A Better Way to Mend Fences
“The only true apology is the one that doesn’t require forgiveness.”
Richelle E. Goodrich
A genuine apology focuses on the recipient situation, not the speaker’s need for absolution, or for “receiving forgiveness”. A sincere apology focuses on taking responsibility and making amends, not necessarily seeking forgiveness. An attitude of apology is, “I am sorry, what can I do in order to make you whole again, what can I do in order to make this relationship whole again? What can I do in order to make you feel comfortable again? What can I do in order to gain your trust again?” It is a humbling shift in mindset to place all the power into the other soul.
What are the components of an empowering apology? NVC suggests creating a restorative environment, taking ownership for your actions, expressing a willingness to make amends, and open the door for a genuine conversation towards rebuilding trust.
- Understand exactly what you did: Don’t apologize until you absolutely know what you have done wrong, and you absolutely take full responsibility for what you have done. If you believe there is a shadow of joint responsibility? Then figure out what you did to contribute to that wrong, and focus your apology on what you did. Be specific. For example, “I know my words were hurtful,” or “I know that I abandoned you last night,” or “I know that I ran the red light and caused the accident.”
- Validate their feelings: Acknowledge the impact your actions had on them. For instance, “My words were crass, inappropriate, and not even true,” or “I know I made you feel that this relationship is not a priority in my life,” or “I know that this accident messed up your vehicle and made you late to work.”
- Take full responsibility: Don’t make excuses or downplay what happened. Own your mistake. “There’s no excuse for what I did. I was wrong.”
- The power of pause: Pause. Stop. Listen. Even if the other person isn’t speaking, stop and listen. Let the other person process what is going on, and what you are saying. If you can’t figure it out for yourself what the other person needs, which you likely cannot since you’ve already made a hardship against them, allow them space to process all that is going on. This is a new situation that has arrived, for both of you. If you made it to “I am sorry”, then let the other person process that statement, because you likely argued a lot leading up to this new apology.
- Offer to make amends: Accept and provide genuine willingness to repair the damage. This may involve a sincere and vulnerable conversation, a thoughtful gesture, or simply giving them space if that’s what they need. Even admitting, “I do not know how to repair what I did, how to make you whole, but I am willing to hear what you need.”
This approach focuses on the impact of our actions and avoids pressuring the other person into a specific response.
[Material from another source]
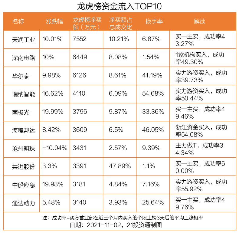11月2日,上证指数下跌1.1%,深证成指下跌0.69%,创业板指上涨0.23%。盘后龙虎榜数据显示,共有43只个股因当日异动登上龙虎榜,资金净流入最多的是天润工业(002283.SZ),达0.76亿元。
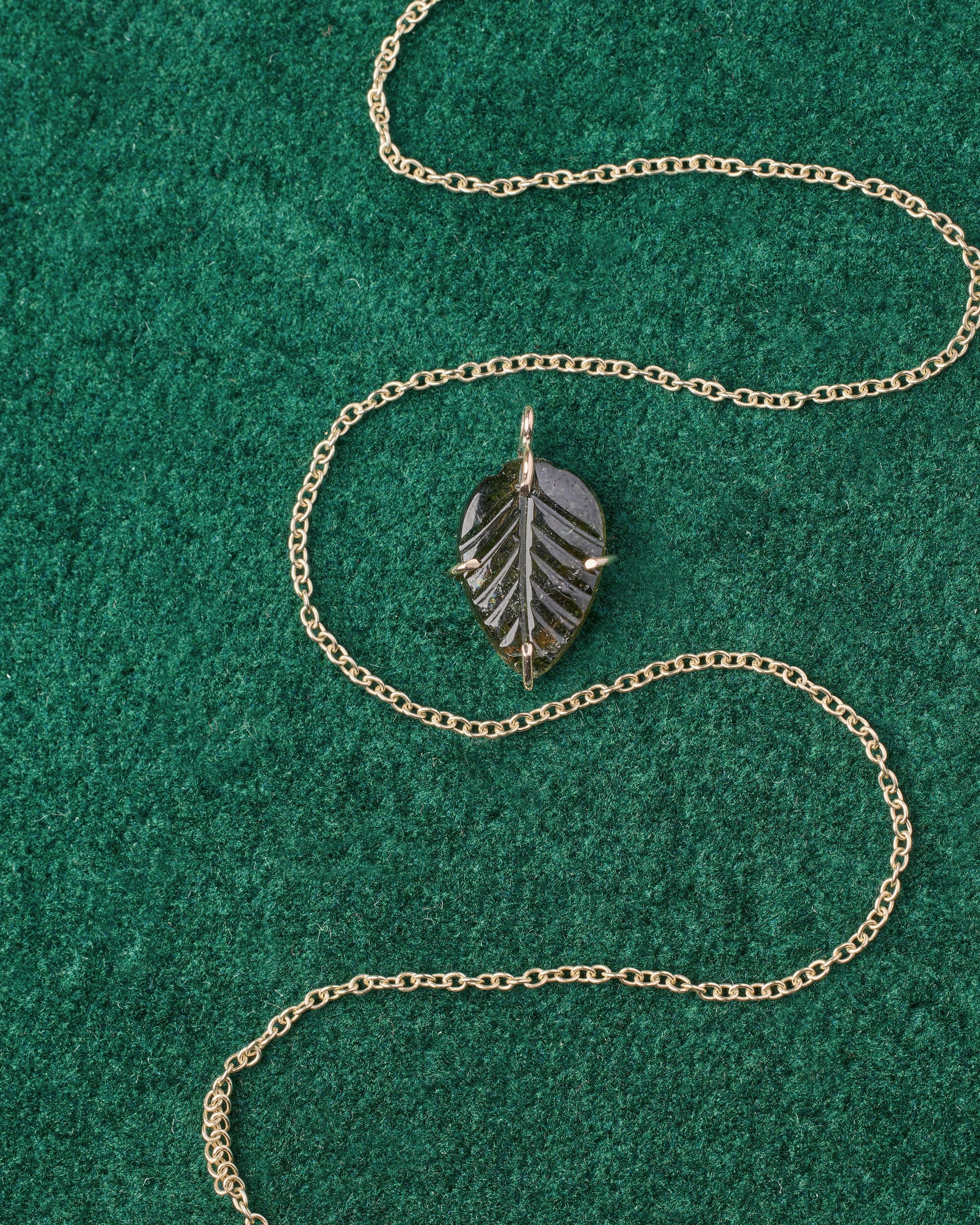 Delicate foglie di tormalina, ognuna diversa dall’altra per sfumature e forma, vengono abbracciate da quattro sottili fili in oro giallo 9 kt.

It allows them the space to process their emotions and choose forgiveness when they are ready, on their timeline, not on ours.
Final thoughts
The only true apology is the one that leads to a change of behavior.
Wayne Dyer, 1940 – 2015
Forgiveness is the other person’s journey, not your journey as the wrongdoer. NVC encourages us to prioritize understanding and empathy over controlling the other person’s response.
The next time you find yourself apologizing, take a moment to reflect. Are you really sorry? Is whatever you are about to apologize for something that you take full responsibility for? Is whatever you are about to say a sincere expression of remorse, or a veiled attempt to get the other person over it, get the other person to accept you, or otherwise control the situation? By recognizing the aggression hidden within “please forgive me,” we can cultivate a world of more authentic apologies and stronger relationships.